__Try it__: A faithful copy is needed of the lines below from the one with "وأبو عبد الله" up to and including the one with "Das Gitter wird"; set it down with no pictures and no other lines.

__Data__:
"""

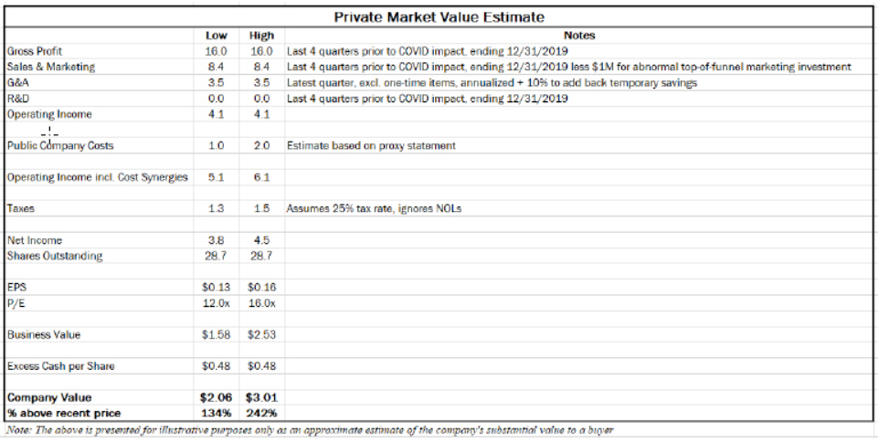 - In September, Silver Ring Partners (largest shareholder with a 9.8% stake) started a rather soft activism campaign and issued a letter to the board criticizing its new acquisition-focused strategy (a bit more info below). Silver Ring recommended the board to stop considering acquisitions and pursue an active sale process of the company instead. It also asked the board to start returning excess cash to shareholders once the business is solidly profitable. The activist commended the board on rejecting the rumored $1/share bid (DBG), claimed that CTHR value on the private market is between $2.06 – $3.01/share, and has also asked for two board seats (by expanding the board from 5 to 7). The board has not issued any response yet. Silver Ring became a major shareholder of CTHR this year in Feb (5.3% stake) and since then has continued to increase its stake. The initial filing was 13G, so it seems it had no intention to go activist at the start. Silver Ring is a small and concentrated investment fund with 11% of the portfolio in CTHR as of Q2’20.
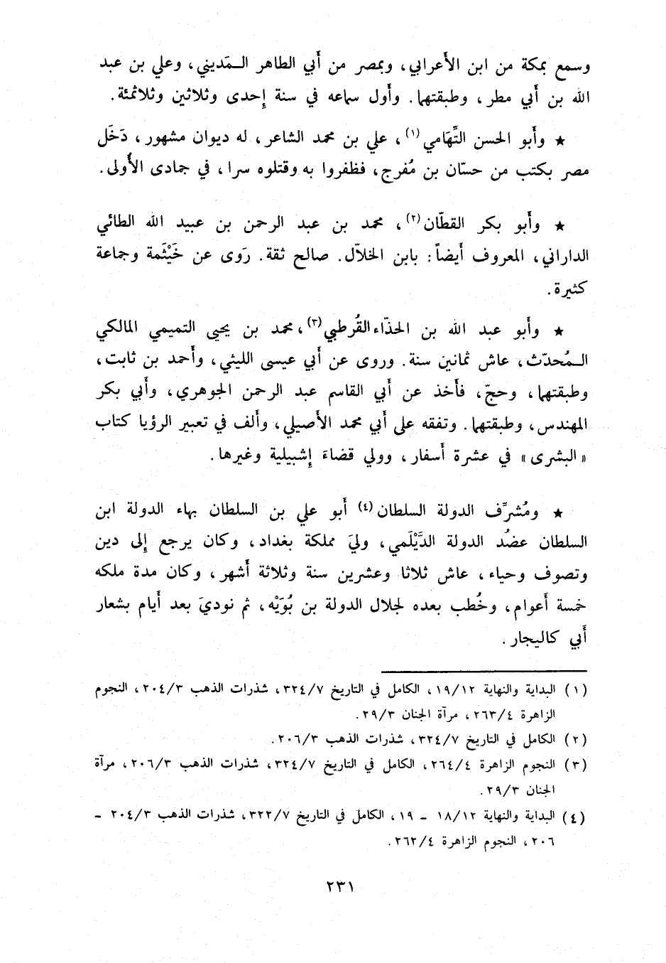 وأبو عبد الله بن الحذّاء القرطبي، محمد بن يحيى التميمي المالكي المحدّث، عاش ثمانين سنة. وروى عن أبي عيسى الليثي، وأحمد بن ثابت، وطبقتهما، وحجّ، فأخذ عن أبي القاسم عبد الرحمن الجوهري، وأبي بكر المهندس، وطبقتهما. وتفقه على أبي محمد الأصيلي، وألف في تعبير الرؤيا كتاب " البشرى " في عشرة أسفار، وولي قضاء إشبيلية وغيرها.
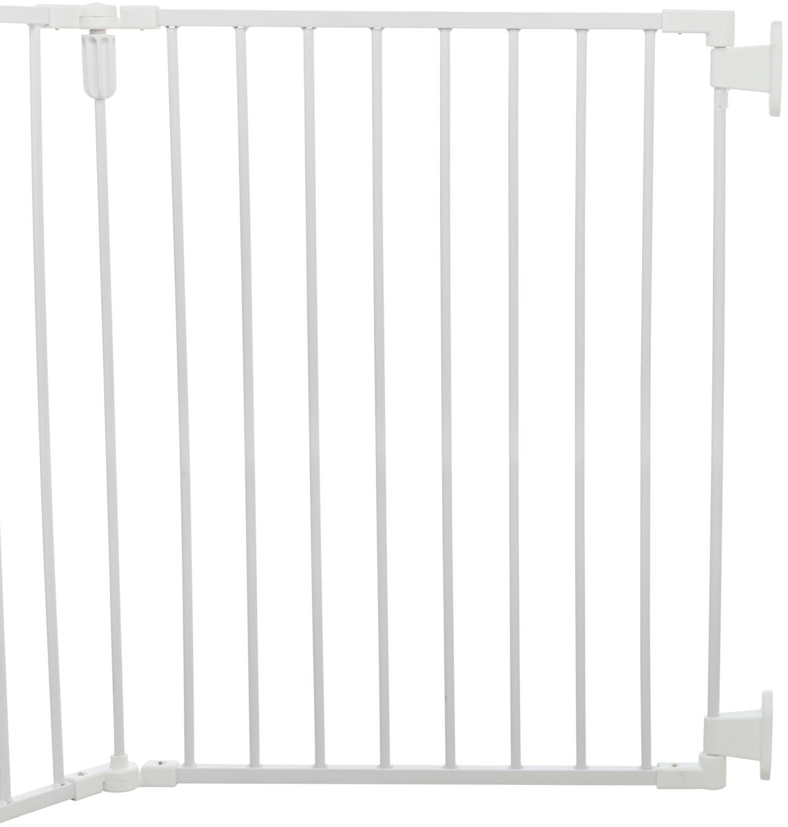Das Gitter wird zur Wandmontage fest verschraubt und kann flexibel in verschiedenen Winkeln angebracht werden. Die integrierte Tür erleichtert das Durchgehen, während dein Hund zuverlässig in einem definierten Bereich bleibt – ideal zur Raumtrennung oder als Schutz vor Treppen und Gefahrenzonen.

"""
"""

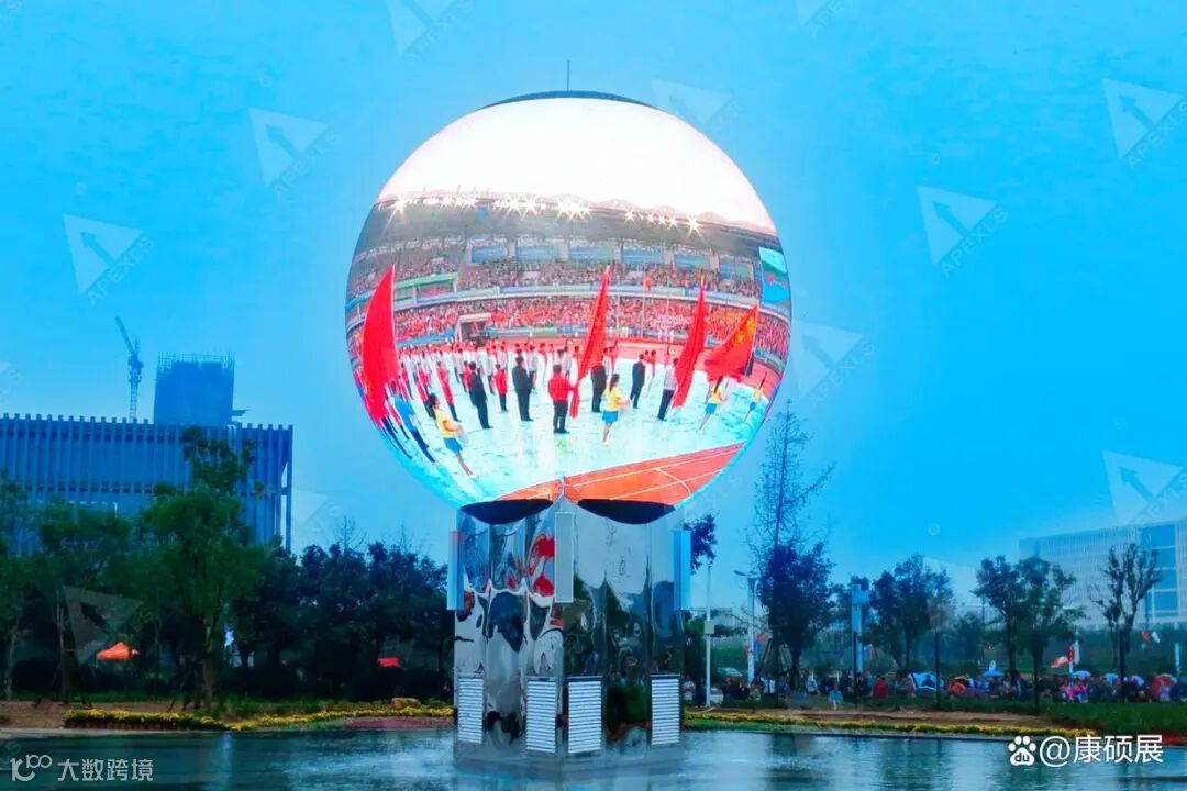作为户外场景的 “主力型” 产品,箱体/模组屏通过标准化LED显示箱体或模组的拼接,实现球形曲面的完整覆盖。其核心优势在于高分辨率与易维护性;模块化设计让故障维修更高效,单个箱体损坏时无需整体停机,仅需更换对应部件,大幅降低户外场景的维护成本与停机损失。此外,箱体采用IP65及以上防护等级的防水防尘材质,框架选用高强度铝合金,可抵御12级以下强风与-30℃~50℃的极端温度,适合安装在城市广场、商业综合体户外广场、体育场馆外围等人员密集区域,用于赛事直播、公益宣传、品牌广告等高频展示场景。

"""
"""

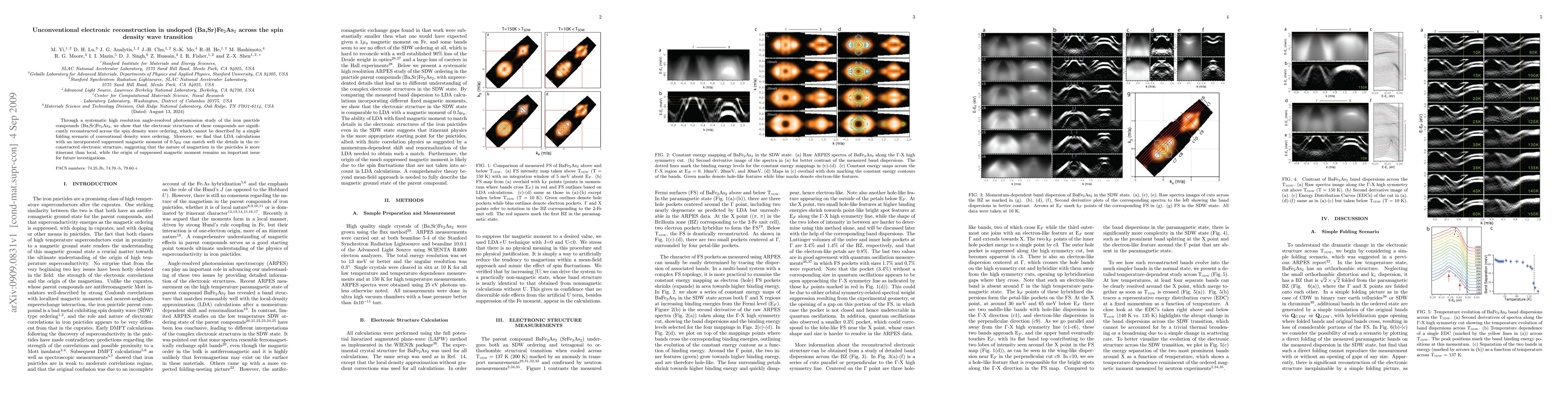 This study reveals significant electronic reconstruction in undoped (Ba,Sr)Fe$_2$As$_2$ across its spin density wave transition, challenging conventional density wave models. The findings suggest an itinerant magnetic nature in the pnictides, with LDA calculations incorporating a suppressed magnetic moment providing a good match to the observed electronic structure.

"""

__Answer for the task__:
 وأبو عبد الله بن الحذّاء القرطبي، محمد بن يحيى التميمي المالكي المحدّث، عاش ثمانين سنة. وروى عن أبي عيسى الليثي، وأحمد بن ثابت، وطبقتهما، وحجّ، فأخذ عن أبي القاسم عبد الرحمن الجوهري، وأبي بكر المهندس، وطبقتهما. وتفقه على أبي محمد الأصيلي، وألف في تعبير الرؤيا كتاب " البشرى " في عشرة أسفار، وولي قضاء إشبيلية وغيرها.
Das Gitter wird zur Wandmontage fest verschraubt und kann flexibel in verschiedenen Winkeln angebracht werden. Die integrierte Tür erleichtert das Durchgehen, während dein Hund zuverlässig in einem definierten Bereich bleibt – ideal zur Raumtrennung oder als Schutz vor Treppen und Gefahrenzonen.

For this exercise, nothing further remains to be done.